Hydro-meteorological systems are widely applied to support the management of water resources as well as for flood protection purposes. Coupling of meteorological and hydrological models to predict streamflow is still challenging, mostly due to weather variables predictability. Uncertainty associated to the modeling chain play also a crucial role, especially in mountainous catchments, where many hydropower plants are located in order to exploit the available water resources and the gross hydraulic head.
Weather Research and Forecasting (WRF) model reanalysis data of past years are now becoming available at hourly time step and spatial resolution of about 2 km2 for the entire Alpine region, covering periods with different flow regimes, driven either by relevant snowmelting contributions or by intense convective precipitations in summer.
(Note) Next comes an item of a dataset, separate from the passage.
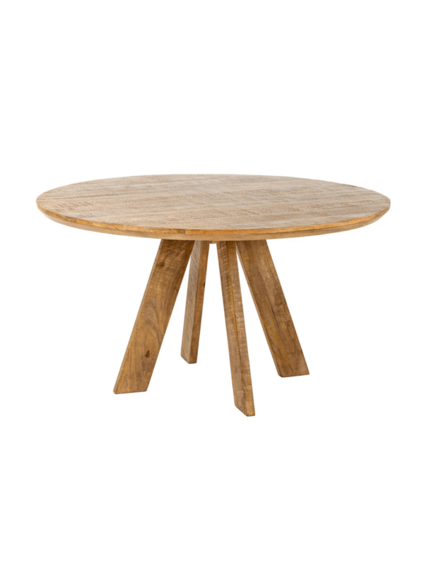 Blagovaonski stol Nori kombinira autentičnu izradu s modernim dizajnom. Izrađen od drva manga, impresionira svojim toplim, živahnim godovima i prirodnom završnom obradom, a četiri centralno postavljene nagnute noge osiguravaju stabilnost.

To understand the WRF predictability in mountainous region and for prolonged time period, and as a consequence its suitability to drive hydrological models, a comparison between WRF-simulated and observed temperature and precipitation fields is performed in the Passirio river basin, a 400 km2 watershed located in the Upper Adige river catchment (Northern Italy), during the period 2013-2016. Furthermore, the effects of adopting such meteorological forcing on streamflow predictions is evaluated by means of two hydrological models adopting different schemes for simulating snowmelt and streamflow aggregation processes.
The two models are calibrated against observed streamflow time series using both observed and WRF meteorological data as input forcing. This comparison aims to understand the potential benefit on streamflow simulations due to a direct calibration using simulated meteorological variables instead of observed data as well as the effects of considering a uniform temperature field versus taking into account its spatial variability.
Preliminary results show a consistent performance of the WRF model in simulating temperature and precipitation fields throughout the year, confirming its suitability as meteorological input provider for hydrological models not only when dealing with time scales typical for flood simulation.
Streamflow predictions with both hydrological models reveal a good agreement with observed values while also forcing them with WRF data, which might be an attractive alternative to calibrating hydro-meteorological models in catchments not extensively covered by weather stations.